When a muscle is at rest, excess ATP produced may be transferred for storage to creatine phosphate (or phosphocreatine) in the muscle. This molecule stores energy in its phosphate bonds and can give it back very quickly, but can not store more than about 15 seconds worth of energy. So it is a fast, but short-duration source of energy.

Energy can also be obtained without the need of oxygen by anaerobic respiration through the conversion of glucose into ATP by the process of glycolysis, which we have already considered in some detail. This procedure is slower and, as we have seen, relatively inefficient.

After this, if oxygen still is not available, fermentation, already discussed, can convert pyruvate into lactic acid with a small gain in energy.

If oxygen is present, then aerobic respiration (Krebs cycle + oxidative phosphorylation), which is very efficient, provides energy. But it does require a regular supply of oxygen and is slower than glycolysis. So intense energy needs by muscles will first be supplied by phosphocreatine and then by glycolysis.

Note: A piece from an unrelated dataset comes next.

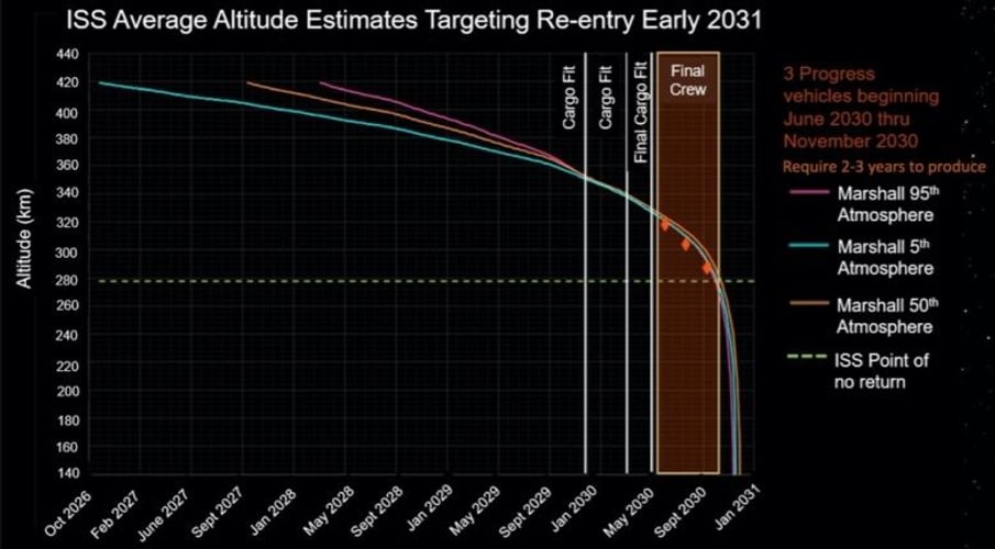 В конце срока работы МКС выполнит ряд маневров, чтобы начать медленное снижение рабочей высоты и спуск на Землю. Дело в том, что МКС слишком велика, чтобы просто сгореть в атмосфере, поэтому ее спуск должны точно контролировать.
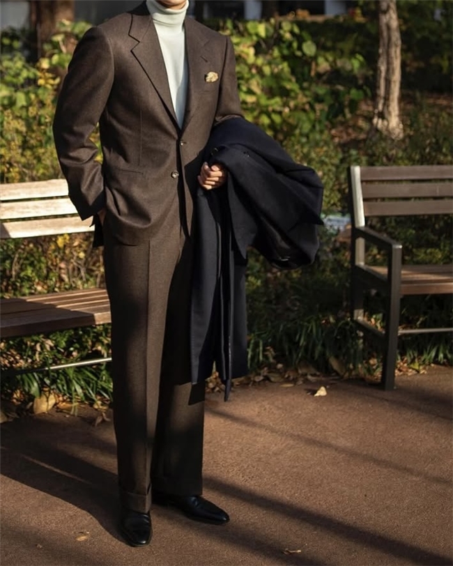 法兰绒西装:经典冬季选择,细腻柔软,内搭高领羊绒衫,保暖性极佳;

When muscles need ATP from aerobic respiration but the oxygen supply is short, then there is what is called an oxygen debt, which makes us breathe hard after an intense muscular effort.

Cardiac muscles

Heart muscles are striated like skeletal muscles, but are shorter and only have one nucleus per cell, although they still have many mitochondria. They are multi-branched and the branches are interconnected through intercalated discs. Gap junctions between fibers allow rapid transmission of action potentials for coordination of activity throughout the heart. The heart has its own clock and is not controlled by the nervous system.

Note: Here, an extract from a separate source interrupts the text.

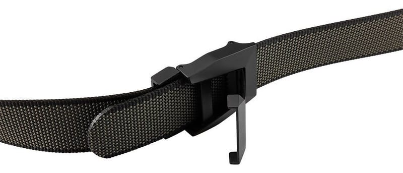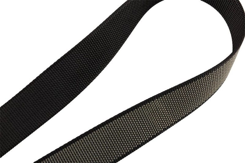 Wykonany z poliestru, posiada dwukolorową konstrukcję – czarną i szarą, pozwalając na użytkowanie paska z obu stron.
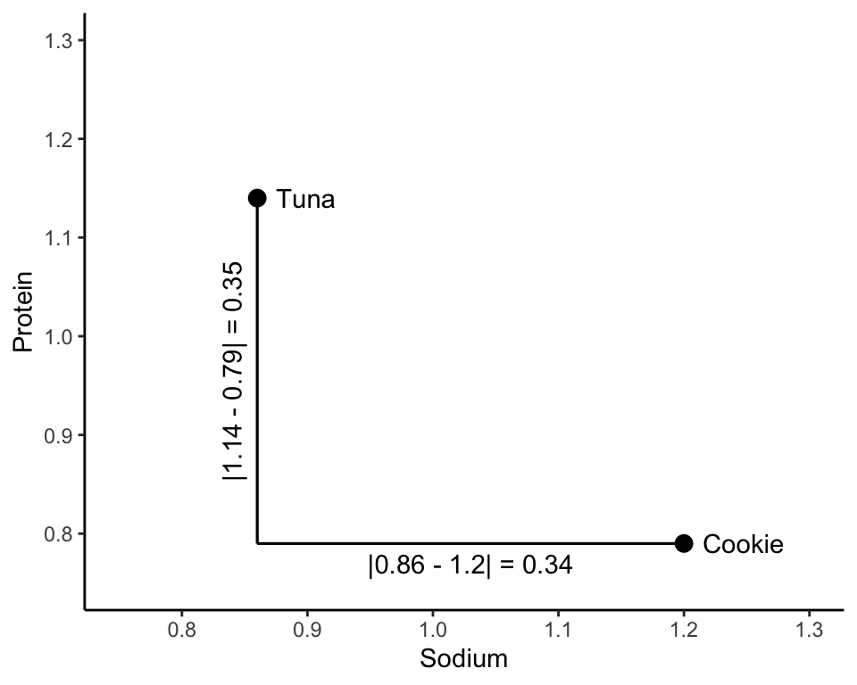 The Manhattan distance (Box 7.3; also called the L1 distance for the mathematically inclined) between two food items involves calculating the absolute value of the difference between the individual nutrient measurements and adding all these differences together. For the tuna and cookie food items in Table 7.1, the Manhattan distance (\(d_1\)) is calculated as

Muscle contraction occurs through a sliding- filament scheme similar to the one in skeletal muscles. But cardiac muscles are autorhythmic: Their contractions are controlled by pacemaker cells within the heart itself, although the ANS[ref]The autonomic nervous system, remember?[/ref] may signal the heart to speed up or slow down. The pacemaker cells cause a group of cells, called a functional syncytium, to auto-excite and create an action potential. This subject will be covered in the next chapter.

Smooth muscles

Smooth muscles are not striated and contain no sarcomeres. They occur in many organs and body structures, including the digestive, urinary, respiratory, circulatory and reproductive systems, so they are quite wide-spread. They are fusiform in shape – thick in the middle and tapered at the ends. Their action is involuntary, triggered by hormones, the ANS and local conditions.

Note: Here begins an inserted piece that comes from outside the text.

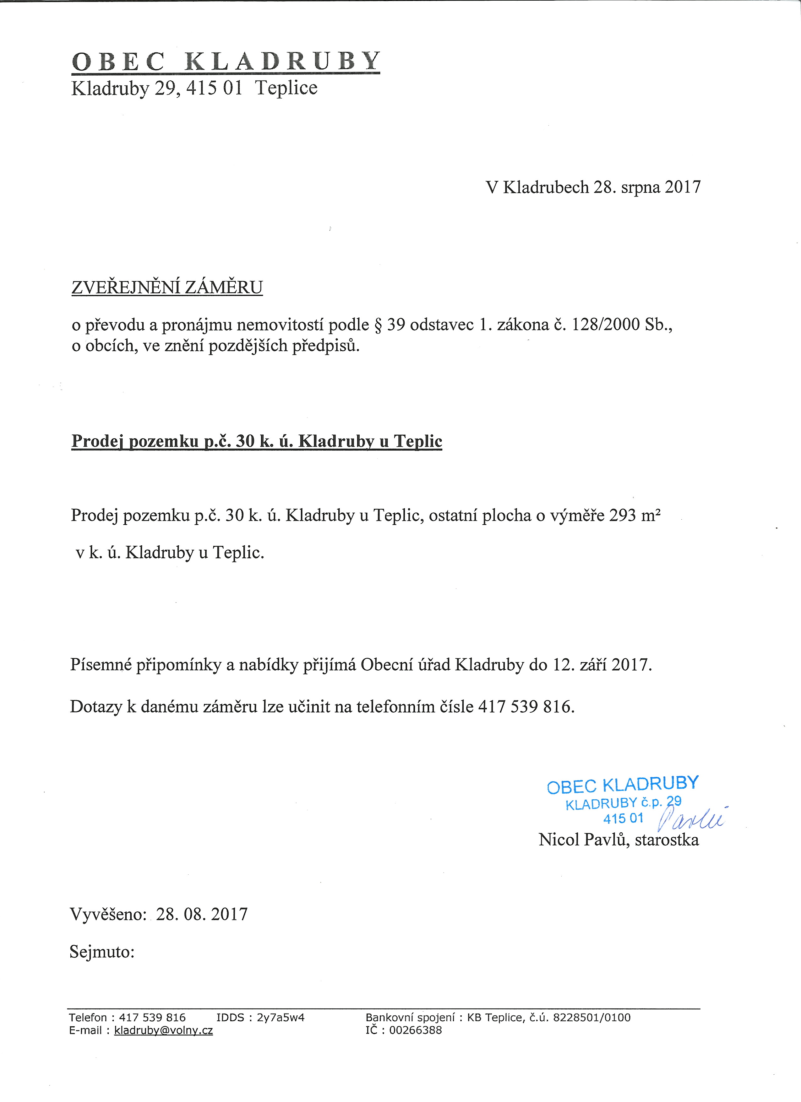Zveřejnění záměru prodeje

They too contract through a system similar to the sliding-filament scheme of skeletal muscles, but with important differences. Smooth muscles possess no troponin-tropomyosin complex. In a process beginning with Ca++ ions binding to a protein called calmodulin, the myosin heads are activated by being phosphorylated. The heads crawl along the actin thin filament, which is attached at its ends to dense bodies, the smooth-muscle equivalent of Z discs. But this pulls on a network of intermediate filaments, which in turn contracts the whole fiber along its length, causing it to get shorter as it swells up in the middle.

So muscles can contract because of energy from oxidative respiratioin (mostly) which uses input from food which comes from … plants — by photosynthesis.